Annunciate in anticipo che è una marcia sicura, portate la nonna e i bambini, portate famiglia e amici. Dichiarazioni aperte: "Non veniamo a combattere e non combatteremo"

La manifestazione diventa una grande festa pacifica fatta di suoni, canti, colori e tantissimi fiori. Il momento culminante del movimento è, però, il grande raduno del 14 gennaio 1967, tenutosi nel Parco del Golden Gate a San Francisco, vero e proprio centro della cultura alternativa giovanile. La mutazione culturale proposta da Leary è avvenuta; lo spettacolo è senza precedenti:

Ventagli, piume, pennacchi e zanne; campanelli, tamburi, carillons e incenso; stendardi, fiamme, bandiere e talismani; collane portafortuna, arance e carote; palloni, fiori, bambù e vesti-animali; flauti e ceste; mani giunte, occhi chiusi, fronti serene e sorrisi; stoffe da preghiera e bastoni da shaman...

In mezzo a tutto questo:

il prof.

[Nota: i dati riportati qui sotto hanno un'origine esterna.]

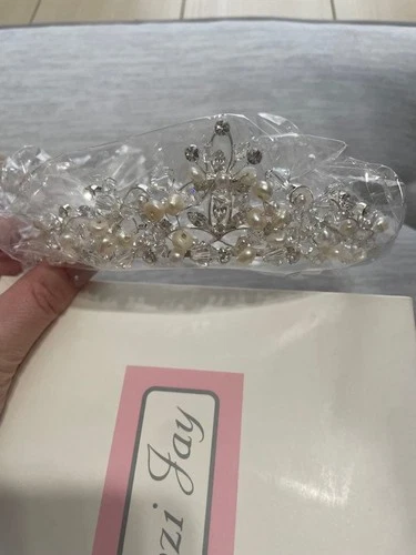 Communion veil with wire edge, diamate scatter, cross and pear drops (C91)
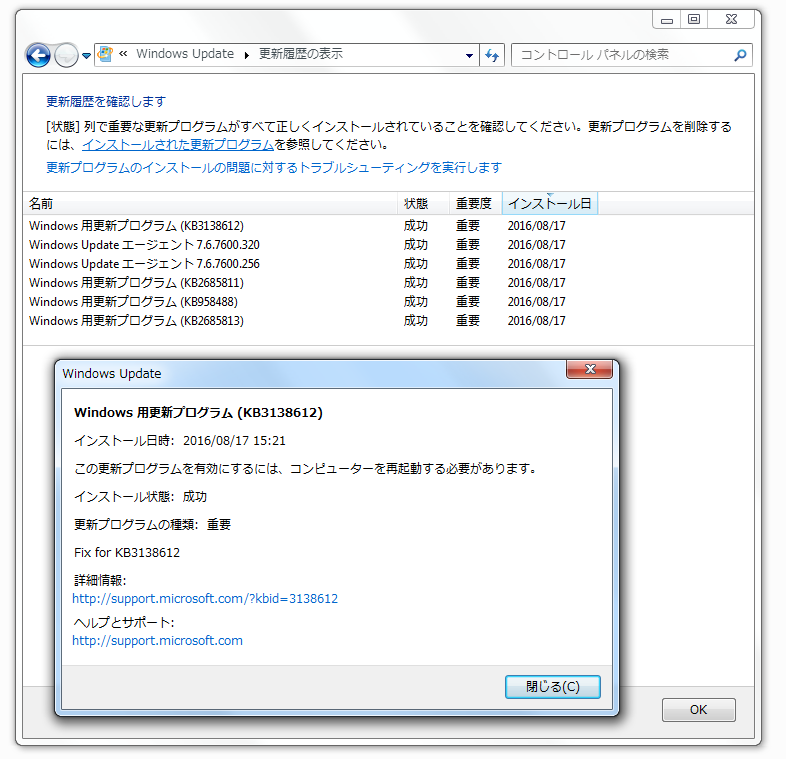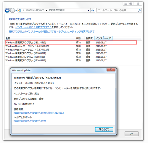Windows 用更新プログラム (KB3138612)
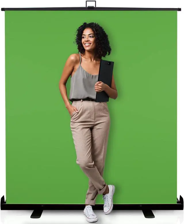 khomo gear jumbo size 55" x 82" green screen collapsible pull-up extra large streaming portable backdrop setup with auto-locking frameCollapsible green screen - The Green Chroma key screen rolls up and extends tightly for a smooth and wrinkle-free backdrop - The screen can be collapsed into itself to form a durable, hard aluminum case for easy storage - the sturdy X-FRAME automatically keeps your screen locked to the desired height - simple design for easy set up and use: Just open the case and pull up the screen using the built-in handle - perfect for Twitch & YouTube streaming
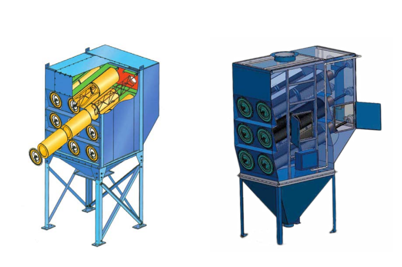 濾筒除塵器以濾筒作為過濾元件所組成或采用脈沖噴吹的除塵器。 濾筒除塵器按安裝方式分,可以分為斜插式,側裝式,吊裝式,上裝式。 濾筒除塵器按濾筒材料分,可以分為長纖維聚酯濾筒除塵器,復合纖維濾筒除塵器,防靜電濾筒除塵器,阻燃濾筒除塵器,覆膜濾筒除塵器,納米濾筒除塵器等。
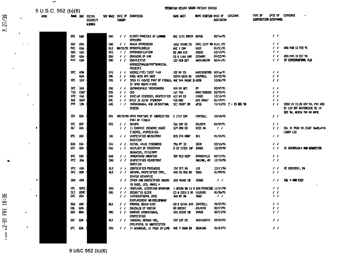 Document 38 f:/Week-31/BX000460/MEDSTAT-SITREPS - FEBRUARY - 2/ods patient status report 22feb91:09139616121511
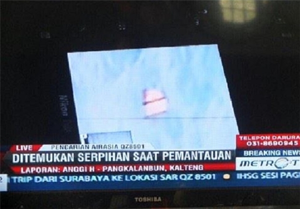 همچنین خبرگزاری رویترز گزارش داده است که تلویزیون اندونزی در حال پخش تصاویری از قطعات شناور روی آب است که به نظر میرسد متعلق به هواپیمای گمشده باشند.

Leary... con un fiore giallo dietro l'orecchio; Leonore Kandel, in rosso e arancione; Gary Snyder seduto sull'orlo della piattaforma...maestro di cerimonia, parla con gioia. Allen Ginsberg, catalizzatore e distillatore di tutto, in una tunica bianca.

Questo grande rito collettivo si chiude, al tramonto, con Allen Ginsberg e Gary Snyder che salmodiano il mantra Om Sri Maitreya rivolti verso il sole, in una atmosfera di grande pace e poesia.